# Problem to work on:
In this exercise, retype exactly and only the lines from the top of the entries below through the line that holds "DJブースから降り、太鼓(?)を手にステージを駆けまわるDJ TOTTOさん!", omitting pictures.

# Recorded data:
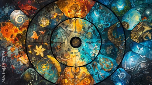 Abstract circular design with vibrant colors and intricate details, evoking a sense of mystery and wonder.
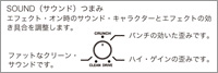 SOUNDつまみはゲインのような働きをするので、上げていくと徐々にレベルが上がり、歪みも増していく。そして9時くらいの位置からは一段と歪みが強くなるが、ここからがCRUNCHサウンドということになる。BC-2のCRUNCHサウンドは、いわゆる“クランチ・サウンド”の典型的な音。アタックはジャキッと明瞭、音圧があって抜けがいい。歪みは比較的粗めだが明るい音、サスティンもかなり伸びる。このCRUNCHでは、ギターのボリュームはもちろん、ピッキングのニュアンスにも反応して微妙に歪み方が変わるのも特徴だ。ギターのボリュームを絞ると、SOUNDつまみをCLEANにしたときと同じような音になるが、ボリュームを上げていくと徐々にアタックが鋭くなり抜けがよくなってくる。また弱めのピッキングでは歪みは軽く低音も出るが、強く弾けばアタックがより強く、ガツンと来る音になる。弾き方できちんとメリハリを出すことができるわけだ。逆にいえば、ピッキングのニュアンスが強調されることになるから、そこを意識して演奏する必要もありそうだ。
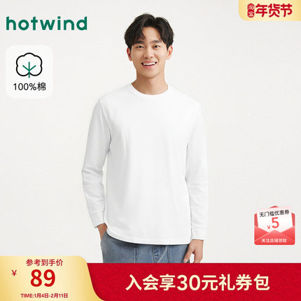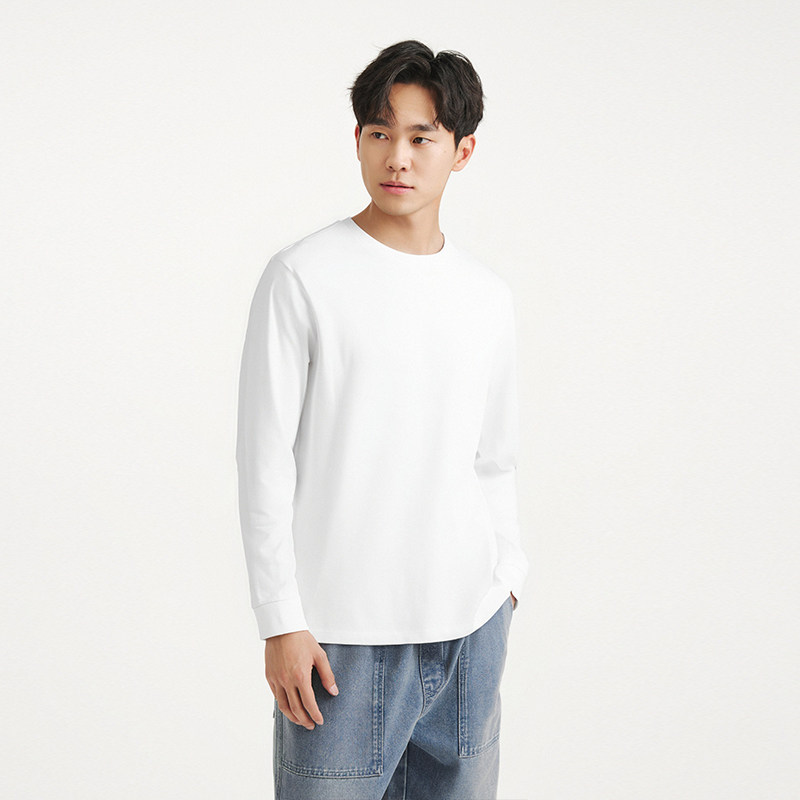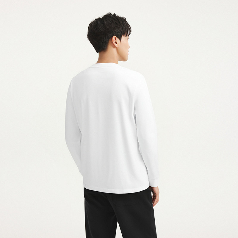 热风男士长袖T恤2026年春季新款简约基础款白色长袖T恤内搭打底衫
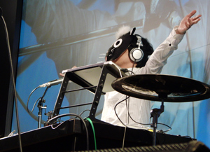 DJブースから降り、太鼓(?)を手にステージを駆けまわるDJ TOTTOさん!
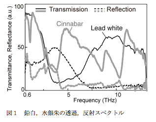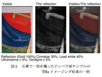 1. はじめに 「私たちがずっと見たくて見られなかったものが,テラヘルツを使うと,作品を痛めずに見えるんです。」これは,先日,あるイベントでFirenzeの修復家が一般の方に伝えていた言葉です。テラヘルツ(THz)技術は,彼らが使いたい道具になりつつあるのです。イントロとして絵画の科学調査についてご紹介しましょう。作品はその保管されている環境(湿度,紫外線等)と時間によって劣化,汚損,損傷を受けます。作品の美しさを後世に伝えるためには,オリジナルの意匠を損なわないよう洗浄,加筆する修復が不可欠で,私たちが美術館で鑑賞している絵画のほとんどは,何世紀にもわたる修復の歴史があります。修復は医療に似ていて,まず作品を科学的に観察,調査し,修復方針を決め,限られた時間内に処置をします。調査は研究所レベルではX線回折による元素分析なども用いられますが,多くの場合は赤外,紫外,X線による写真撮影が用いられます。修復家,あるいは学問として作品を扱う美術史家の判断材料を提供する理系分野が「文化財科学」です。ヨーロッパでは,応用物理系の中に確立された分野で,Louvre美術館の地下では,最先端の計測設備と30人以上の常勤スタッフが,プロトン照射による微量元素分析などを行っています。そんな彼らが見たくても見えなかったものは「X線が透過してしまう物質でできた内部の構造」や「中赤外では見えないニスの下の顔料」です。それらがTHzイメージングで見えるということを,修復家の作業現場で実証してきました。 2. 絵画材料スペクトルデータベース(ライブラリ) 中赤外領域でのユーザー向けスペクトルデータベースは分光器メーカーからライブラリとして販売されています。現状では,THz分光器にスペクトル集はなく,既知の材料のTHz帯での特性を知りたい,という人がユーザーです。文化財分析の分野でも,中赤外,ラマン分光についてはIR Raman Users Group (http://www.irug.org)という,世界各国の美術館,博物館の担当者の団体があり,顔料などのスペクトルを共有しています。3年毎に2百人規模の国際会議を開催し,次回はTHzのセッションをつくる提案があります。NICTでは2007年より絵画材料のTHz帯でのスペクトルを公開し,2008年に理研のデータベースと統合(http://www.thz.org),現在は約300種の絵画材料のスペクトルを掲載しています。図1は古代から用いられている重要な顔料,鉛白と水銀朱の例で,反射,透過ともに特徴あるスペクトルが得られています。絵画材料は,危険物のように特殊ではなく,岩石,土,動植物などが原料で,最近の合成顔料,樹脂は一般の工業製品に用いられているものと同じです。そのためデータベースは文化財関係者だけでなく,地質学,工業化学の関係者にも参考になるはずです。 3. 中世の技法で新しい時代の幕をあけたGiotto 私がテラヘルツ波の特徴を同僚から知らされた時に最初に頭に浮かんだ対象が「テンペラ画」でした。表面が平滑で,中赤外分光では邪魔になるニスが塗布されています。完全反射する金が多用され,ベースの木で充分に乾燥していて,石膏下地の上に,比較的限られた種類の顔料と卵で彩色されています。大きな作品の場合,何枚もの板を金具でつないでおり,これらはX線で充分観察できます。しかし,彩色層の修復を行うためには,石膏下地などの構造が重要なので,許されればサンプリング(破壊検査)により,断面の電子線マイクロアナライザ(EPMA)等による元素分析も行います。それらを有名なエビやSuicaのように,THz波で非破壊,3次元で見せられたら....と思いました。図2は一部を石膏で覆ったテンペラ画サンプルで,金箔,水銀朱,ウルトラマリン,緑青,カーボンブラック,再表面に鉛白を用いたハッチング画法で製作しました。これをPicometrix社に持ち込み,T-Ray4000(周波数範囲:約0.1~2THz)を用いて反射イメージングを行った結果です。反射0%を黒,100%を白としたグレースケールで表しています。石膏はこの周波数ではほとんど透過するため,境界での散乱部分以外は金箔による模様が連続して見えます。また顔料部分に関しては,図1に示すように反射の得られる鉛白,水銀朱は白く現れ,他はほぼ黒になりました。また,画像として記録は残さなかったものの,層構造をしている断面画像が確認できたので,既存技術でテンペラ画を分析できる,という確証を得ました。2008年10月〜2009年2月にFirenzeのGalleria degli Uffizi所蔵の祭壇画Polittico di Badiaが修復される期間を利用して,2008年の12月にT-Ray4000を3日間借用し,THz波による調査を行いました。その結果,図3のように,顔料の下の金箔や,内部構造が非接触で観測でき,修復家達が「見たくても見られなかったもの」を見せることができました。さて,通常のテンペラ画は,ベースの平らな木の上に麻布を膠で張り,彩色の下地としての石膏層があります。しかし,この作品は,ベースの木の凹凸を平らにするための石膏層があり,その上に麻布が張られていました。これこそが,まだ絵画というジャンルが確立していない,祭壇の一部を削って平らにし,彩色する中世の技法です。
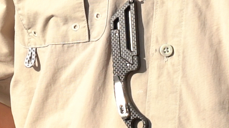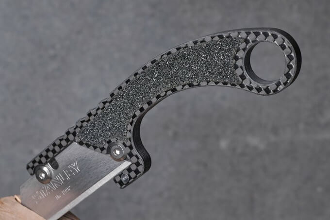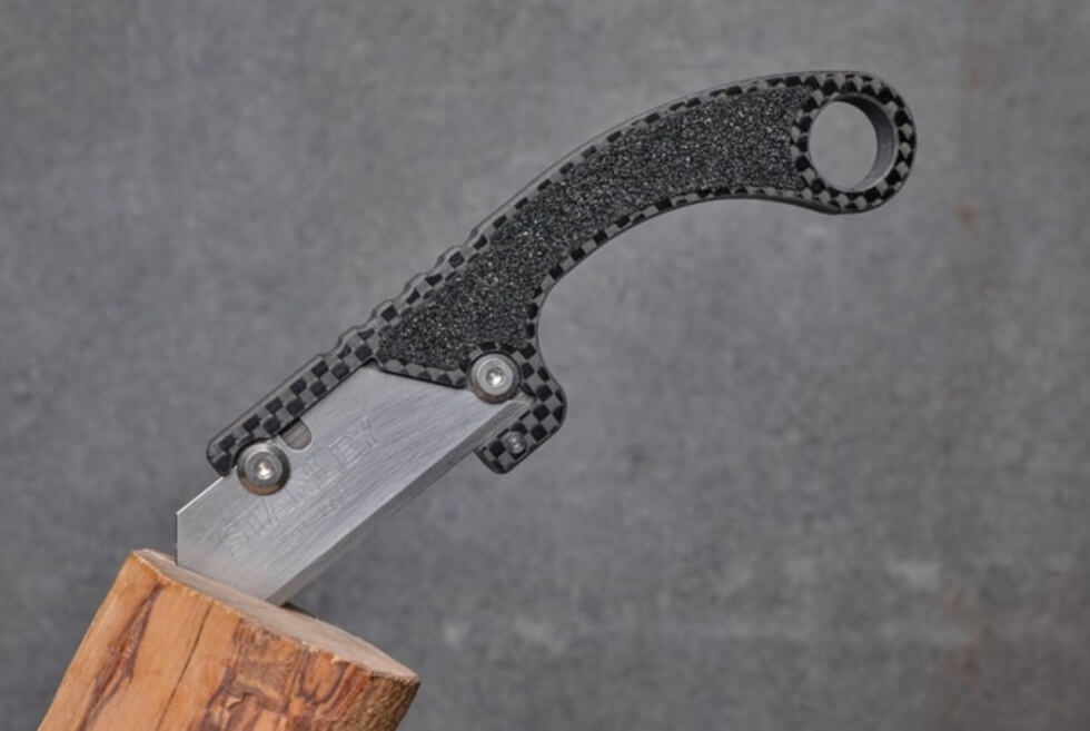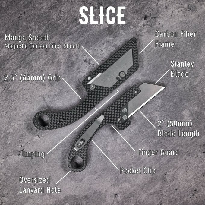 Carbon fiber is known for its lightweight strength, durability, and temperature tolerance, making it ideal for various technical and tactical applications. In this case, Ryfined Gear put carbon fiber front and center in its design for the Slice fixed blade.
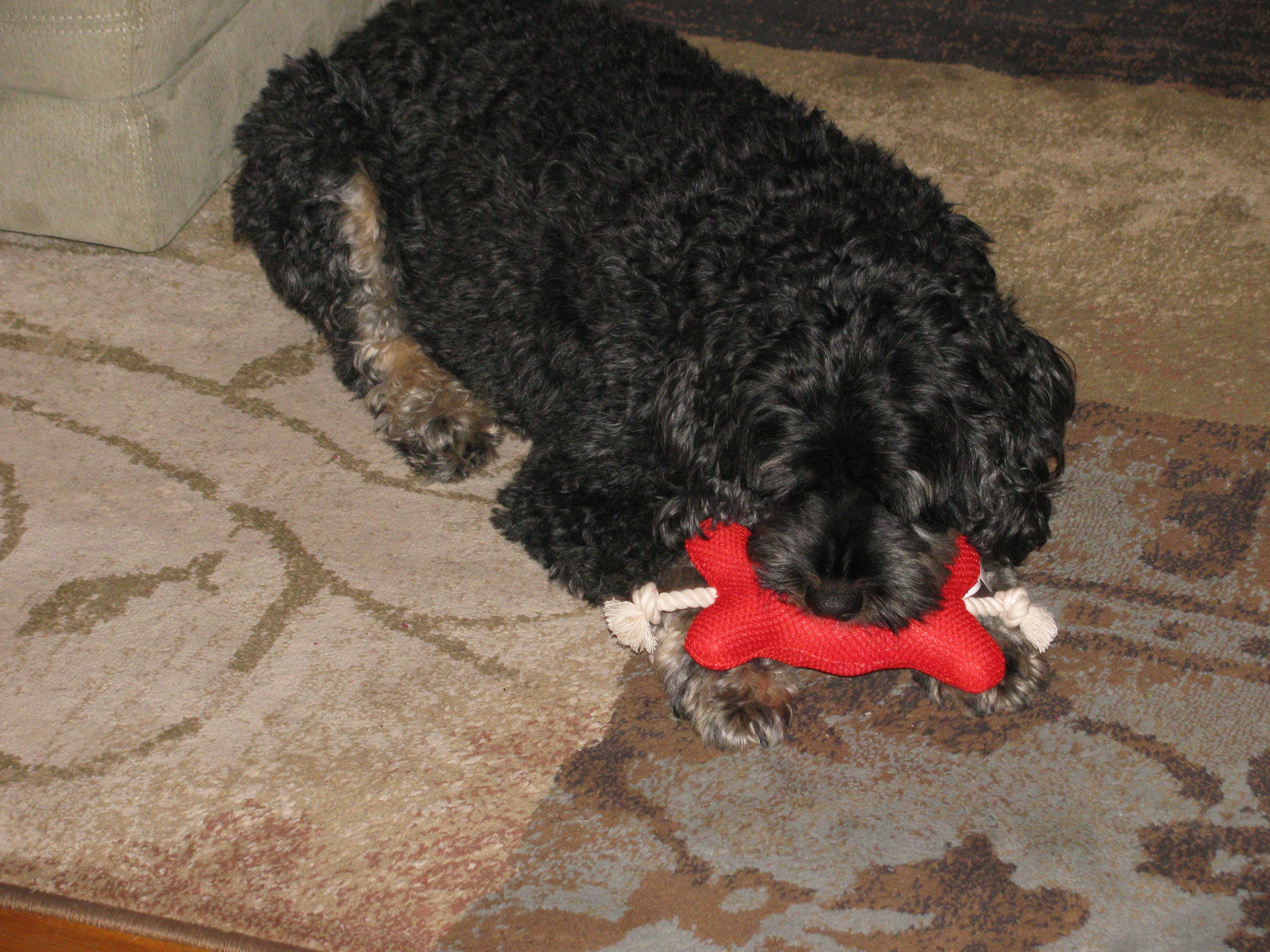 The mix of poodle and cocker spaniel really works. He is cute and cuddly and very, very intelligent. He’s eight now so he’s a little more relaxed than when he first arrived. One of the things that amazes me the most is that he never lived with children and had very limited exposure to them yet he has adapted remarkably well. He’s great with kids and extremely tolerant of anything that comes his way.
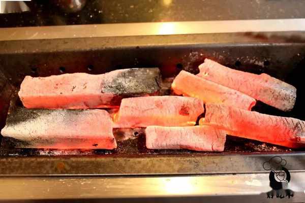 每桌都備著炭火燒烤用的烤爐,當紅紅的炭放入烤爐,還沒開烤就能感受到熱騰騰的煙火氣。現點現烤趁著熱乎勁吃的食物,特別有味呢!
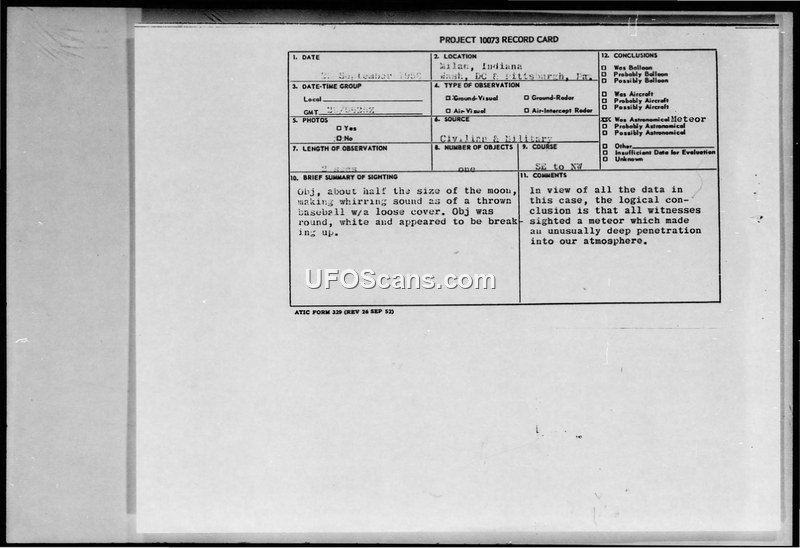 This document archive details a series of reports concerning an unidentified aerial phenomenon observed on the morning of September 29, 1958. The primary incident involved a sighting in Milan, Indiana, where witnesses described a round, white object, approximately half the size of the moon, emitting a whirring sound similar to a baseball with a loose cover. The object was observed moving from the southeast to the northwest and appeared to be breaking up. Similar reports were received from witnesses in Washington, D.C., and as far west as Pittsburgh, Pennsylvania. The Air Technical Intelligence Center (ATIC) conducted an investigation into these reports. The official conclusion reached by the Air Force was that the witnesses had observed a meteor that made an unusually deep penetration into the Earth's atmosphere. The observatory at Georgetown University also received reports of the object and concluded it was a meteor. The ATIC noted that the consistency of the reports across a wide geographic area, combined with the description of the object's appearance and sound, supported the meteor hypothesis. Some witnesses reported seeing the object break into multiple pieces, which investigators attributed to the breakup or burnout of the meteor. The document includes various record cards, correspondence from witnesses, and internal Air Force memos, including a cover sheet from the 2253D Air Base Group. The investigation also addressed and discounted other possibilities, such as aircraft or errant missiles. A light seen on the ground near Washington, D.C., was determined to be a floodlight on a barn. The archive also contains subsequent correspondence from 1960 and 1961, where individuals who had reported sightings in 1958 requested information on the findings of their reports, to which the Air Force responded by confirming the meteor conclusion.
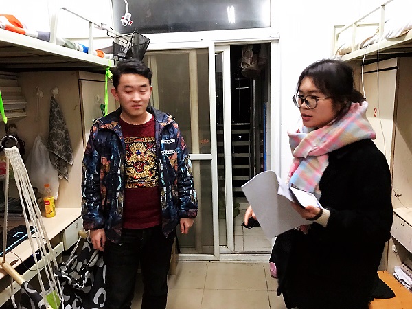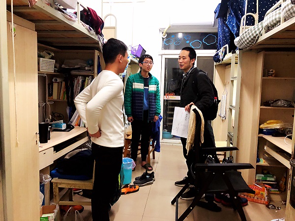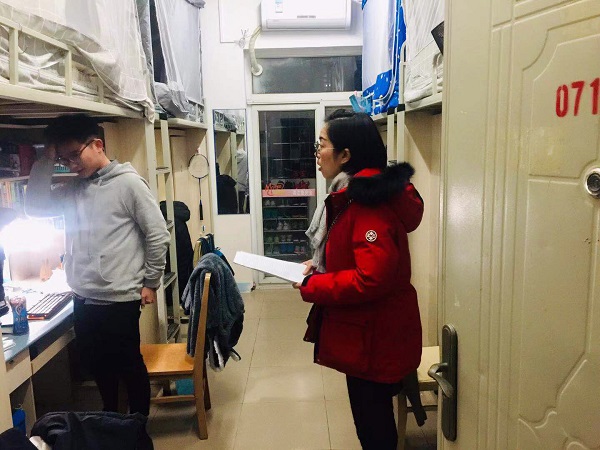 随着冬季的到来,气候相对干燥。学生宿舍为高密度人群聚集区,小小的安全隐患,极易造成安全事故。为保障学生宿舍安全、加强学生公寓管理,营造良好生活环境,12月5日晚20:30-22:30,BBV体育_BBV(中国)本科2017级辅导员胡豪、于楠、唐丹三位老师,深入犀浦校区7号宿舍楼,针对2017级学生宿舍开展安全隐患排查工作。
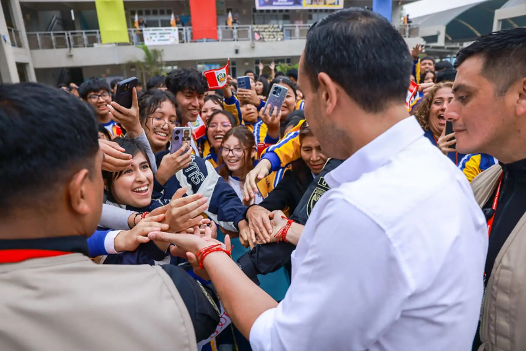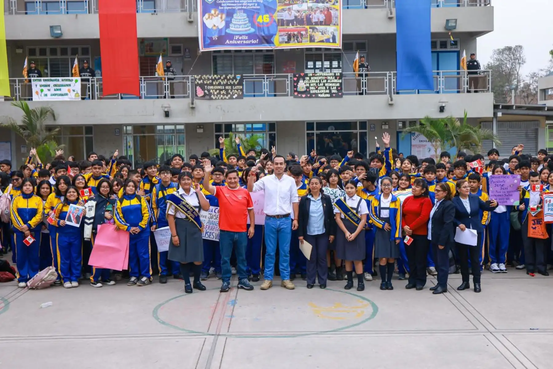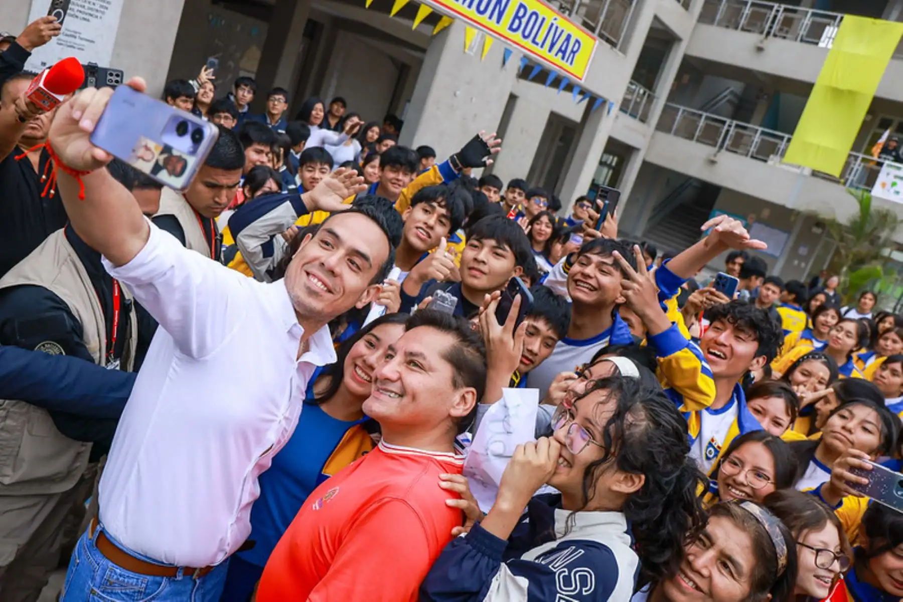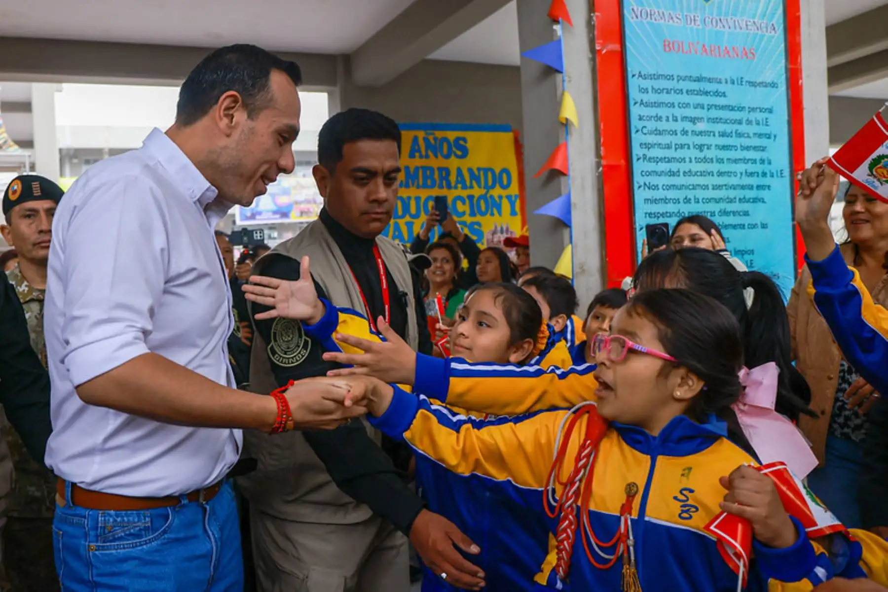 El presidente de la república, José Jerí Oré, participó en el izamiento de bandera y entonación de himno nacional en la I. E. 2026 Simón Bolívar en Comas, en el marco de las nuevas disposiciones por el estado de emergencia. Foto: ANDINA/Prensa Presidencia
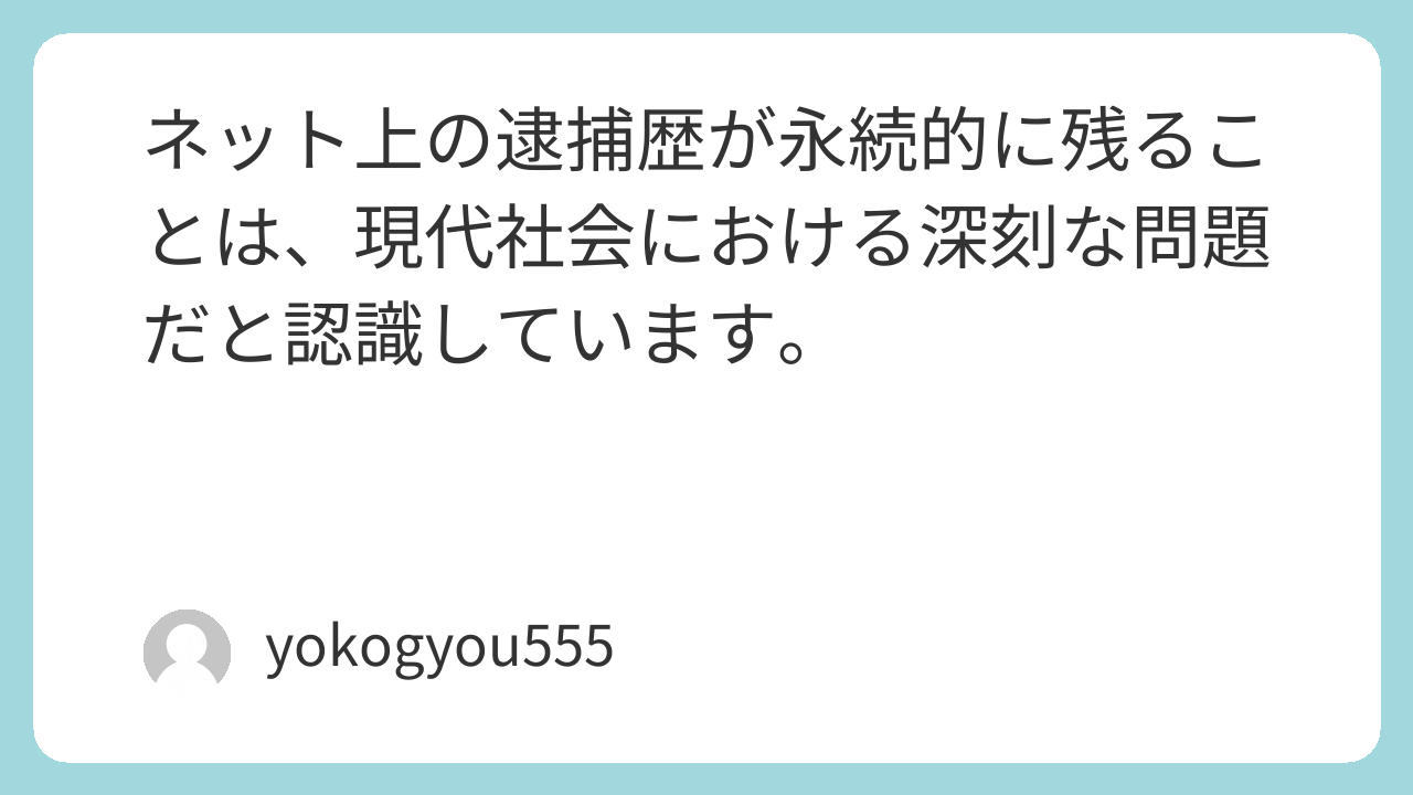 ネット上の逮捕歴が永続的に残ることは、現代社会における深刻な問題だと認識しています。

# Response to this task:
 Abstract circular design with vibrant colors and intricate details, evoking a sense of mystery and wonder.
 SOUNDつまみはゲインのような働きをするので、上げていくと徐々にレベルが上がり、歪みも増していく。そして9時くらいの位置からは一段と歪みが強くなるが、ここからがCRUNCHサウンドということになる。BC-2のCRUNCHサウンドは、いわゆる“クランチ・サウンド”の典型的な音。アタックはジャキッと明瞭、音圧があって抜けがいい。歪みは比較的粗めだが明るい音、サスティンもかなり伸びる。このCRUNCHでは、ギターのボリュームはもちろん、ピッキングのニュアンスにも反応して微妙に歪み方が変わるのも特徴だ。ギターのボリュームを絞ると、SOUNDつまみをCLEANにしたときと同じような音になるが、ボリュームを上げていくと徐々にアタックが鋭くなり抜けがよくなってくる。また弱めのピッキングでは歪みは軽く低音も出るが、強く弾けばアタックがより強く、ガツンと来る音になる。弾き方できちんとメリハリを出すことができるわけだ。逆にいえば、ピッキングのニュアンスが強調されることになるから、そこを意識して演奏する必要もありそうだ。
 热风男士长袖T恤2026年春季新款简约基础款白色长袖T恤内搭打底衫
 DJブースから降り、太鼓(?)を手にステージを駆けまわるDJ TOTTOさん!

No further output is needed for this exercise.